Are interest and penalty applicable if the MAT liability u/s 115JB is not paid within the due date?
Yes, if the MAT liability under Section 115JB is not paid by the deadline, interest and penalties may be imposed. The penalty can reach 50% of the unpaid MAT, and the interest rate is 1% per month or for a portion of a month.
How does Section 115JB impact the financial statements of companies?
The financial statements of businesses are significantly impacted by Section 115JB. Businesses must calculate the MAT liability and report it as a distinct line item in their financial statements.

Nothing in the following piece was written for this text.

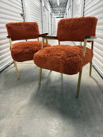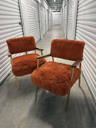 Two furry orange chairs. $100 Unique, mid century, reupholsted. Both chairs are in climate controlled storage at Public Storage at 3110 S Wadsworth, Lakewood. Merging households due to recent...
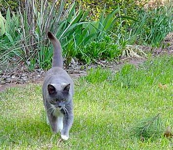They walk around the brick "cat walk" in the yard.

How can companies manage their tax liability u/s 115JB?
By carefully assessing their MAT liabilities, utilising the MAT credit provisions, and strategically managing their tax payments and cash flows, businesses can efficiently manage their tax liability under Section 115JB. To properly manage their tax liability, they might also consult with tax professionals.
Is MAT applicable to companies facing bankruptcy issues?
A corporation shall receive a refund for the computation of the appropriate Minimum Alternate Tax (MAT) if it is experiencing liquidity problems under the Insolvency and Bankruptcy Code (IBC). To lower the profits in its books of accounts, for example, the value of unabsorbed depreciation and loss pushed forward may be decreased.